Wallace Stevens Appreciation Friday

I've arbitrarily decided Friday will be Wallace Stevens appreciation day here at A Supposedly Fun Thing. I'm a fan of declaring tradition by fiat--in school we had "Gay Sweater Thursday", "Pu Pu Platter Tuesday", and "Dress Like It's 1986" parties at the end of every month, for instance.

As for Wallace Stevens in particular? I picked up a couple of vintage editions of his poetry at Myopic Books in Wicker Park (the land of silver spoons and paper plates) recently and remembered how much I love his work. It's like in His Girl Friday when the grizzled old newspaper man picks up a column tossed off by the film's heroine, reads it admiringly, shakes his head, and says "It'll do until something else comes along." Stevens, too, will do until something else comes along.

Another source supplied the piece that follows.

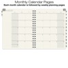 - 2 Page MONTH AT A GLANCE Spreads followed by 2 Page WEEK AT A GLANCE Spreads.

Here's a poem my father used to read to me when I was a kid. I knew all the words long before I knew what all the words meant, and knew what all the words meant long before I knew what the poem meant, but I always knew how the poem made me feel--thrilled, unsettled, melancholy and faintly maudlin. I'm not sure what there is about which to feel maudlin when you're 8, but part of the genius of Stevens was in his ability to evoke feelings the reader may or may not have had any right to feel (and feelings Stevens himself may never have felt in his whole life).

At night, by the fire,
The colors of the bushes
And of the fallen leaves,
Repeating themselves,
Turned in the room,
Like the leaves themselves
Turning in the wind.
Yes: but the color of the heavy hemlocks
Came striding.
And I remembered the cry of the peacocks.

The colors of their tails
Were like the leaves themselves
Turning in the wind,
In the twilight wind.
They swept over the room,
Just as they flew from the boughs of the hemlocks
Down to the ground.
I heard them cry -- the peacocks.
Was it a cry against the twilight
Or against the leaves themselves
Turning in the wind,
Turning as the flames
Turned in the fire,
Turning as the tails of the peacocks
Turned in the loud fire,
Loud as the hemlocks
Full of the cry of the peacocks?
Or was it a cry against the hemlocks?

Out of the window,
I saw how the planets gathered
Like the leaves themselves
Turning in the wind.
I saw how the night came,
Came striding like the color of the heavy hemlocks
I felt afraid.
And I remembered the cry of the peacocks.